Uta Meier-Gräwe: Produkte und Dienstleistungen werden immer komplexer. Verbraucher benötigen heute Kompetenzen, die früher nicht in diesem Maße gefordert waren. Gerade jungen Menschen fehlt oft der Durchblick. Studien belegen, dass Kinder und Jugendliche in den letzten Jahrzehnten immer weniger Fähigkeiten für die Lebens- und Alltagsbewältigung von ihren Eltern vermittelt bekommen – teilweise werden gerade Buben bewusst davon ´freigestellt´.

 

Welche Folgen hat das? 

Uta Meier-Gräwe: 90 Prozent der jungen Männer erklären, sie können nicht putzen, waschen, kochen. Das ist nicht mehr zeitgemäß. Auf der anderen Seite werden jungen Frauen von Staats wegen die MINT-Berufe schmackhaft gemacht (Mathematik, Informatik, Naturwissenschaft, Technik), um dem Fachkräftemangel zu begegnen. Wenn man nicht gleichzeitig dafür sorgt, dass Buben in häusliche Versorgungsleistungen hineinwachsen, entsteht hier eine Lücke. Ich frage mich, wer die generative Sorgearbeit von der Wiege bis zur Bahre erfüllen soll. Ein Schulfach, in dem Alltagskompetenzen vermittelt werden, wäre ein erster Schritt.

Welche Inhalte sollte das neue Schulfach umfassen? 

Uta Meier-Gräwe: Es soll Kompetenzen vermitteln, die man benötigt, um den Alltag zu meistern. Dazu gehören beispielsweise der Umgang mit Geld und Zeit, gesunde Ernährung und nachhaltiges, umweltverträgliches Haushalten, aber keinesfalls nur theoretisch.

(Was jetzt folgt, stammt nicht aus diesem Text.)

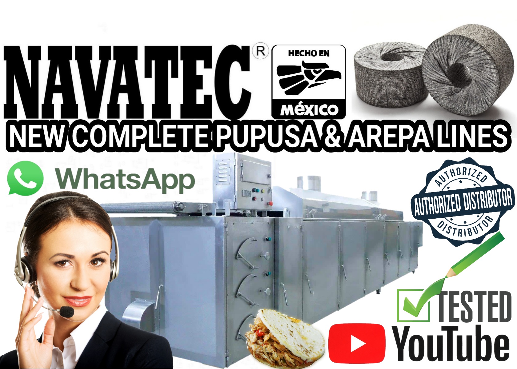 Navatec heavy duty complete pupusa & arepa manufacturing lines or ovens made with 304 stainless steel
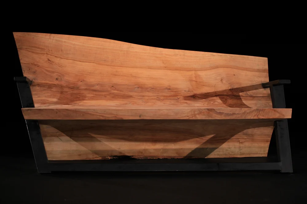 Once I had the shape as precise as possible, I drug it out of the yard into the shop area, mortised a horizontal groove into the back for a piece of 1” x 2” steel tubing I had ordered the day before. My Idea was to wrap a steel frame around the piece using it as a base when it met with the floor, but also giving it a sense that the tree had grown around it. I’ve always been fascinated with how trees will grow around barbed wire, or metal posts and this was my effort to get away from that chachki stuff I couldn’t get out of my head.
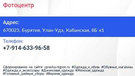 Фотоцентр по адресу 670023, Бурятия, Улан-Удэ, Кабанская, 8Б к1 в дальнейшем Организация, размещена в следующих категориях:
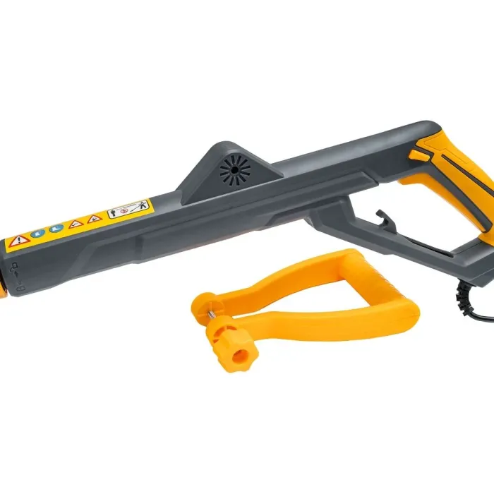 Двойна ръкохватка с регулиране Допълнителната ръкохватка, която се монтира на няколко степени на блокировка, позволява да адаптирате захвата към Вашата работна позиция. Държите машината с две ръце, което подобрява стабилността при водене по протежение на фугите. Печелите по-добър контрол над устройството по време на почистване на павета и бордюри.
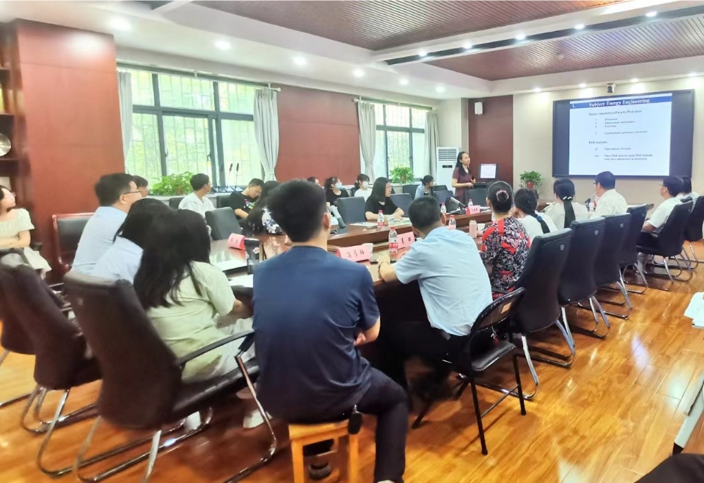 受聘仪式结束后,吉晓燕教授作了题为“Advanced fluid materials for energy applications”的学术报告。她在报告中深入浅出的从离子液体的定义出发,结合离子液体本身的特性,详细介绍了离子液体在CO2分离和利用、可持续电池以及生物质能源和绿氢等方面的应用情况。报告后,学院教师结合自身研究课题与吉教授进行了深入的探讨和交流。
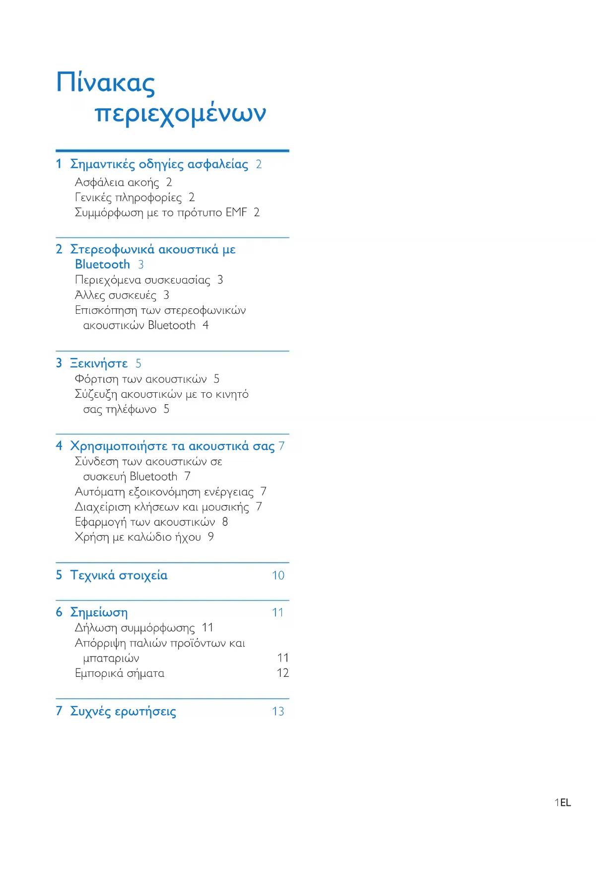 Bluetooth Συγχαρητήρια για την αγορά σας και καλώς ήλθατε στη Philips! Για να επωφεληθείτε πλήρως από την υποστήριξη που προσφέρει η Philips, δηλώστε το προϊόν σας στη διεύθυνση www.philips.com/welcome.Με αυτά τα ασύρματα ακουστικά με στήριγμα κεφαλής της Philips, μπορείτε:• Να απολαμβάνετε άνετες, ασύρματες τηλεφωνικές κλήσεις μέσω handsfree.• Να ακούτε και να ελέγχετε τη μουσική με ασύρματο τρόπο.• Να εναλλάσσεστε μεταξύ τηλεφωνικών κλήσεων και μουσικής.• Να ακούτε μουσική σε συσκευές που δεν διαθέτουν τη λειτουργία Bluetooth, χρησιμοποιώντας ένα καλώδιο ήχου.Περιεχόμενα συσκευασίας
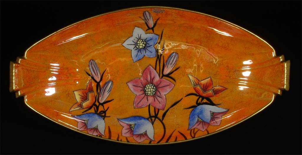 A Carlton Ware twin-handled dish pattern no.4154 printed and painted with anemone type flowers on an orange lustre ground printed and painted marks, paper label 32cm. wide.
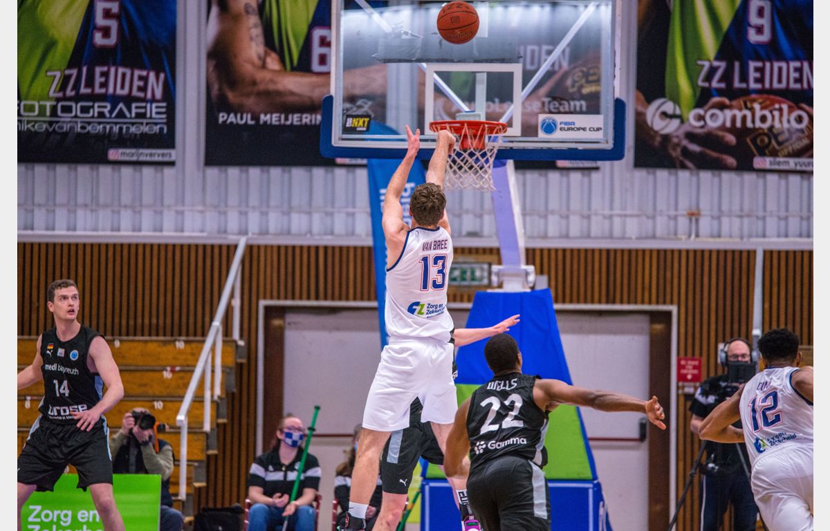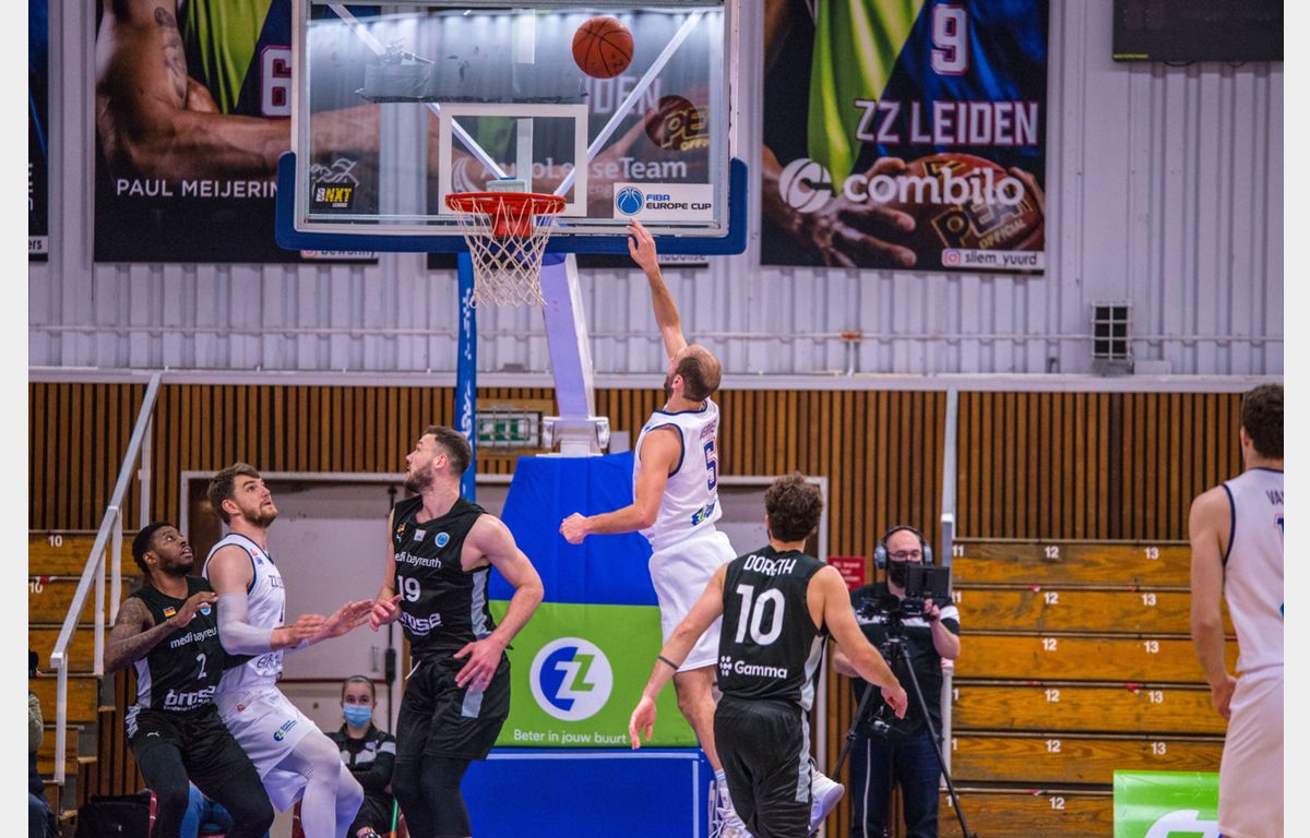 Zorg en Zekerheid Leiden ligt op koers voor een plek in de kwartfinale van de FIBA Europe Cup. Voor de tweede keer was de Leidse ploeg te sterk voor het Duitse medi Bayreuth: 98-93. Door goed spel begon de Leidse ploeg aan het laatste kwart met een voorsprong van 21 punten. De Duitse opponent kwam in de slotfase nog terug tot 4 punten (95-91), maar Zorg en Zekerheid Leiden bleef, aangemoedigd door een fanatiek publiek, overeind.
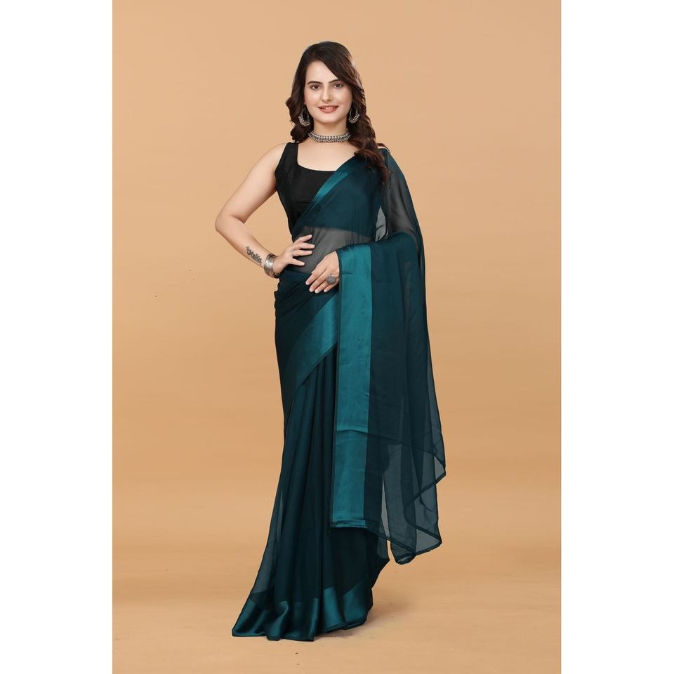 DESIGNER CHIFFON SATIN PLAIN BEAUTIFUL 1 MINUTE SAREE WITH UNSTITCHED BLOUSE BLUE

Wichtig ist, dass praktische Erfahrungen vermittelt werden – es sollte ein Fach zum „Mit-Tun“ sein.

Wie schätzen Sie die Chancen für dieses neue Unterrichtsfach ein? 

Uta Meier-Gräwe: Es wird Widerstände geben: Die Lehrpläne sind jetzt schon voll, die Stundentafeln der Schüler ebenso. Dennoch halte ich vor dem Hintergrund unserer hochkomplexen Gesellschaft ein Fach Alltagskompetenzen für genauso wichtig wie Mathe. Es muss einen Ort geben, an dem dieses Wissen systematisch vermittelt wird. Ich habe den Eindruck, dass in dieser Gesellschaft nicht wirklich verstanden wird, wie bedeutungsvoll die Alltagsökonomie ist. Unsere Ausbildung ist zu stark auf das Erwerbsleben ausgerichtet.